Dayton, Ohio — Significant sales and earnings growth during its second fiscal quarter reflected Rex Stores’ investments in alternative fuel production and veiled underlying weakness in its retail operations.
Company-wide sales rose 41 percent to $67.4 million for the three months, ended July 31, and net income increased 382 percent to $1.2 million.
In contrast, net sales for Rex’s retail segment declined 11.3 percent to $42.5 million and comparable store sales slipped nearly 3.9 percent. Earnings fell 59 percent to $774,000 during the period.
In a conference call this morning, chairman/CEO Stuart Rose said margin and comp sales declines at the regional electronics/appliance chain are “indicative of the extremely tough economic environment” and noted that comps are down 7 percent for the August-September period.
A 46 percent increase in comp sales of flat panel TVs during the quarter was insufficient to offset declines in DVD players, camcorders, analog rear projection TVs and room air, Rose said.

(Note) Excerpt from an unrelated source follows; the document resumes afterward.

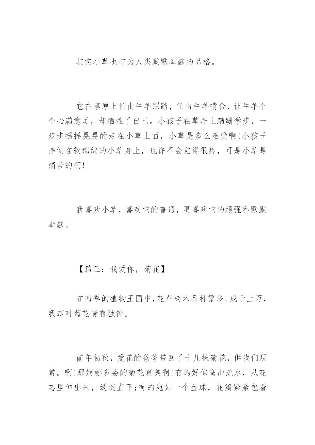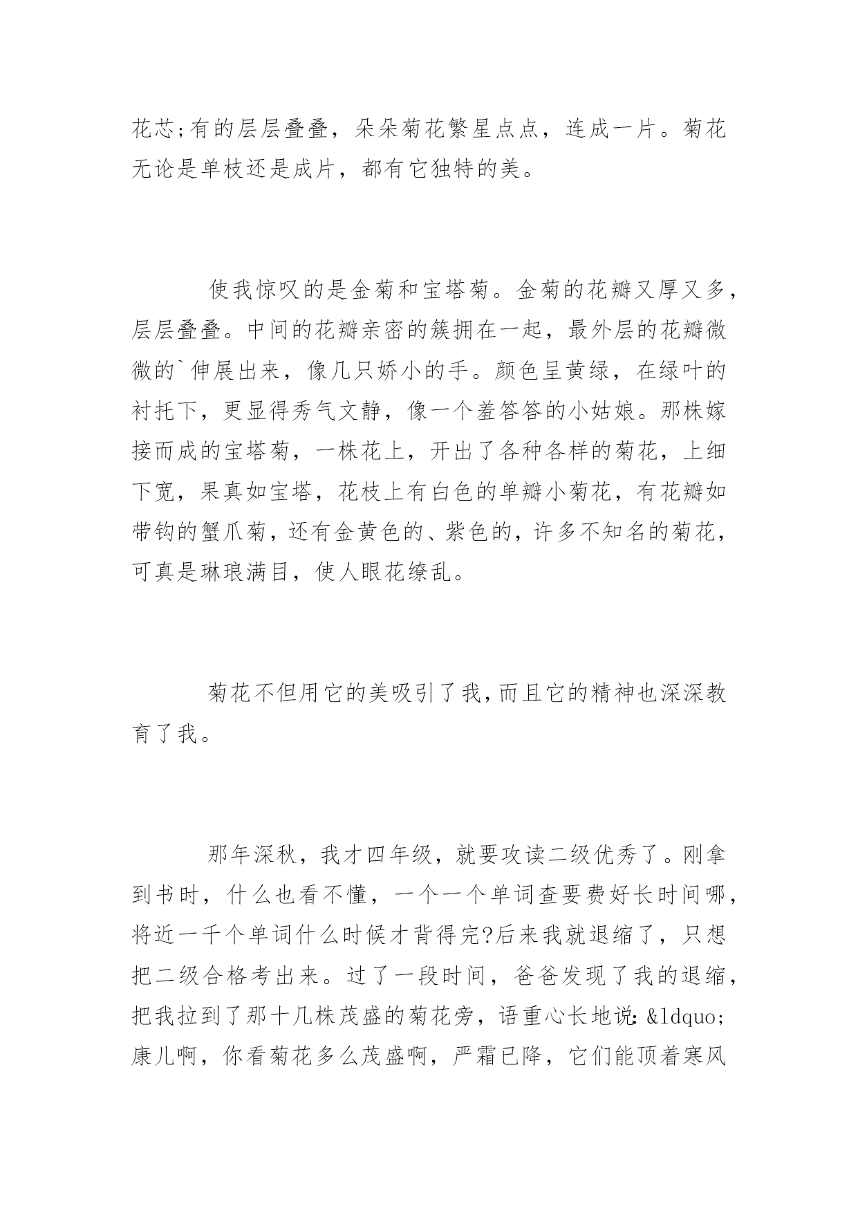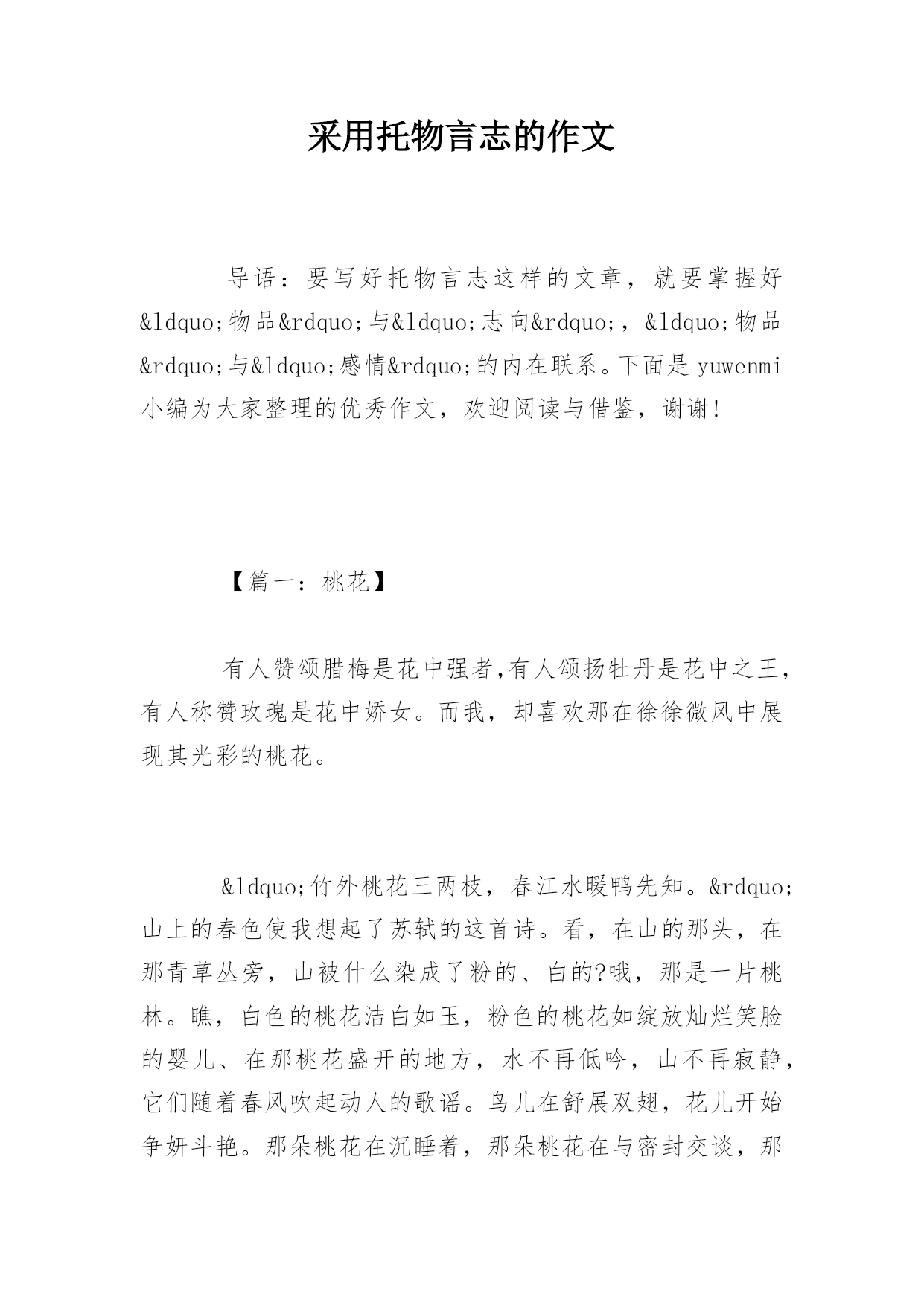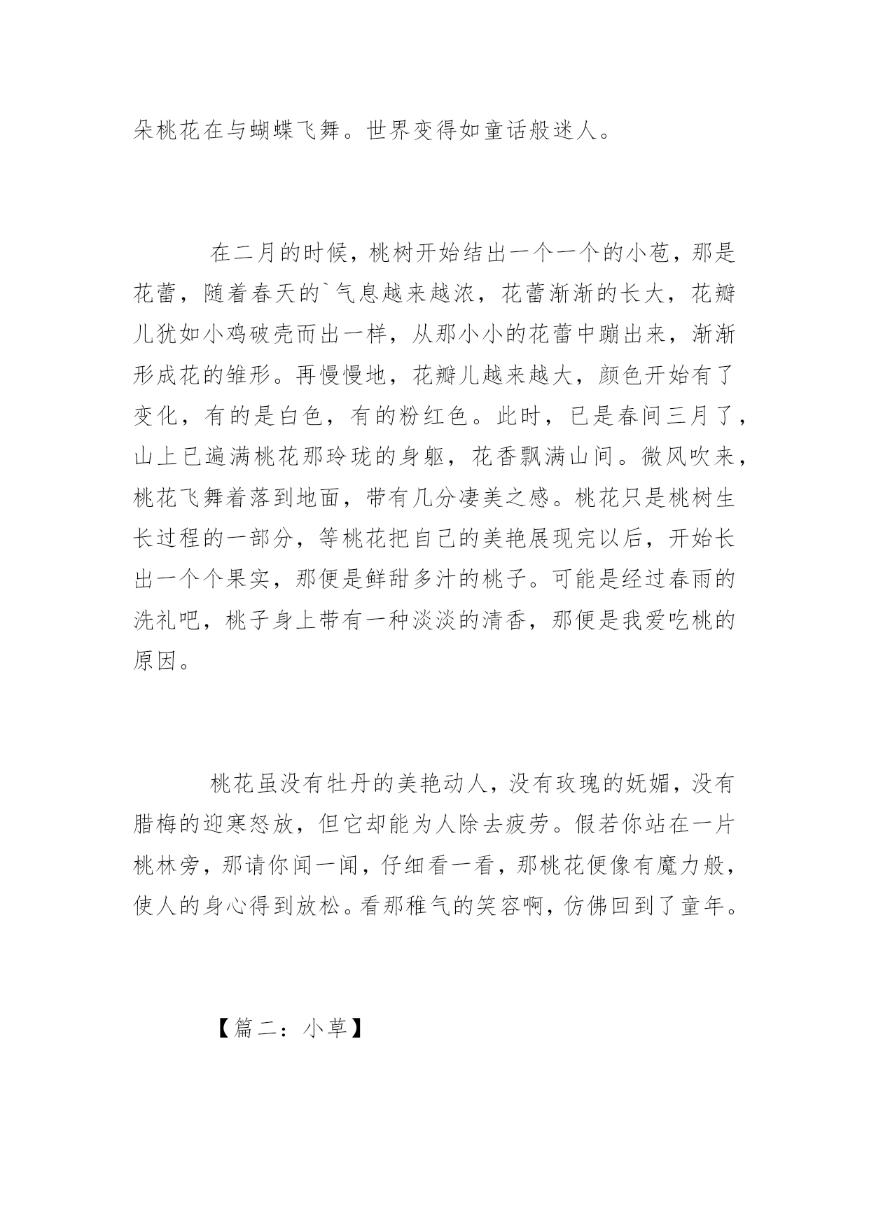 采用托物言志的作文 导语:要写好托物言志这样的文章,就要掌握好“物品”与“志向”,“物品”与“感情”的内在联系。下面是yuwenmi小编为大家整理的优秀作文,欢迎阅读与借鉴,谢谢! 【篇一:桃花】 有人赞颂腊梅是花中强者,有人颂扬牡丹是花中之王,有人称赞玫瑰是花中娇女。而我,却喜欢那在徐徐微风中展现其光彩的桃花。 “竹外桃花三两枝,春江水暖鸭先知。”山上的春色使我想起了苏轼的这首诗。看,在山的那头,在那青草丛旁,山被什么染成了粉的、白的?哦,那是一片桃林。瞧,白色的桃花洁白如玉,粉色的桃花如绽放灿烂笑脸的婴儿、在那桃花盛开的地方,水不再低吟,山不再寂静,它们随着春风吹起动人的歌谣。鸟儿在舒展双翅,花儿开始争妍斗艳。那朵桃花在沉睡着,那朵桃花在与密封交谈,那朵桃花在与蝴蝶飞舞。世界变得如童话般迷人。 在二月的时候,桃树开始结出一个一个的小苞,那是花蕾,随着春天的`气息越来越浓,花蕾渐渐的长大,花瓣儿犹如小鸡破壳而出一样,从那小小的花蕾中蹦出来,渐渐形成花的雏形。再慢慢地,花瓣儿越来越大,颜色开始有了变化,有的是白色,有的粉红色。此时,已是春间三月了,山上已遍满桃花那玲珑的身躯,花香飘满山间。微风吹来,桃花飞舞着落到地面,带有几分凄美之感。桃花只是桃树生长过程的一部分,等桃花把自己的美艳展现完以后,开始长出一个个果实,那便是鲜甜多汁的桃子。可能是经过春雨的洗礼吧,桃子身上带有一种淡淡的清香,那便是我爱吃桃的原因。 桃花虽没有牡丹的美艳动人,没有玫瑰的妩媚,没有腊梅的迎寒怒放,但它却能为人除去疲劳。假若你站在一片桃林旁,那请你闻一闻,仔细看一看,那桃花便像有魔力般,使人的身心得到放松。看那稚气的笑容啊,仿佛回到了童年。 【篇二:小草】 “离离原上草,一岁一枯荣。野火烧不尽,春风吹又生。”这首诗是唐代诗人白居易来描写小草的诗。小草的生命力是那么顽强。它不像那些名贵的花,如果没有人照顾就会枝折花落。 热气炙人的夏天,大地像个蒸笼,要把一切都蒸熟似的。树木和花儿都懒得一动,只有小草咬紧牙关抗争着,绝不低头。呀!暴风雨来临,这对绿树红花来说是个莫大的灾难,树干被刮断,枝折花落。暴风雨过去了,树儿和花儿都垂头丧气。唯独小草更加苍翠,更加充满生机。真想不到,那小小的草儿竟有如此顽强的抗争力!寒气袭人的隆冬,小草也渐渐入睡了。我真替它们担心,担心它会被冻死。一阵春风把小草从梦乡唤醒,小草又一次回到人间了。这使我感到惊喜,小草竟有如此顽强的`生命力。此时,我对白居易的“离离原上草,一岁一枯荣。野火烧不尽,春风吹又生”这首诗有了更深刻的理解。 小草生长在石头缝里,生长在悬崖峭壁上,生长在荒原滩涂,它的生命是那么顽强。有人做过实验,把一块石头压在草籽上面,想着这株小草会死掉,没想到小草竟然倔强的站了起来。 其实小草也有为人类默默奉献的品格。 它在草原上任由牛羊踩踏,任由牛羊啃食,让牛羊个个心满意足,却牺牲了自己。小孩子在草坪上蹒跚学步,一步步摇摇晃晃的走在小草上面,小草是多么难受啊!小孩子摔倒在软绵绵的小草身上,也许不会觉得很疼,可是小草是痛苦的啊! 我喜欢小草,喜欢它的普通,更喜欢它的顽强和默默奉献。 【篇三:我爱你,菊花】 在四季的植物王国中,花草树木品种繁多、成千上万,我却对菊花情有独钟。 前年初秋,爱花的爸爸带回了十几株菊花,供我们观赏。啊!那婀娜多姿的菊花真美啊!有的好似高山流水,从花芯里伸出来,逶迤直下;有的宛如一个金球,花瓣紧紧包着花芯;有的层层叠叠,朵朵菊花繁星点点,连成一片。菊花无论是单枝还是成片,都有它独特的美。 使我惊叹的是金菊和宝塔菊。金菊的花瓣又厚又多,层层叠叠。中间的花瓣亲密的簇拥在一起,最外层的花瓣微微的`伸展出来,像几只娇小的手。颜色呈黄绿,在绿叶的衬托下,更显得秀气文静,像一个羞答答的小姑娘。那株嫁接而成的宝塔菊,一株花上,开出了各种各样的菊花,上细下宽,果真如宝塔,花枝上有白色的单瓣小菊花,有花瓣如带钩的蟹爪菊,还有金黄色的、紫色的,许多不知名的菊花,可真是琳琅满目,使人眼花缭乱。 菊花不但用它的美吸引了我,而且它的精神也深深教育了我。 那年深秋,我才四年级,就要攻读二级优秀了。刚拿到书时,什么也看不懂,一个一个单词查要费好长时间哪,将近一千个单词什么时候才背得完?后来我就退缩了,只想把二级合格考出来。过了一段时间,爸爸发现了我的退缩,把我拉到了那十几株茂盛的菊花旁,语重心长地说:“康儿啊,你看菊花多么茂盛啊,严霜已降,它们能顶着寒风盛开,多么值得赞颂啊!”爸爸又看看菊花,又看看我,聪明的我已经明白了爸爸的用意。我下决心学习

Although the impact of Hurricane Gustov was minimal, two stores that were closed for the storm will remain shut, and four stores in total are presently up for sale, he said.
Rex, which has investments in a number of ethanol plants, initiated a strategic review of its retail segment in June and has hired an investment banking firm to help identify and evaluate a broad range of options for its stores, including “opportunities to monetize” their real estate value. Rose said the review is expected to be completed by next quarter.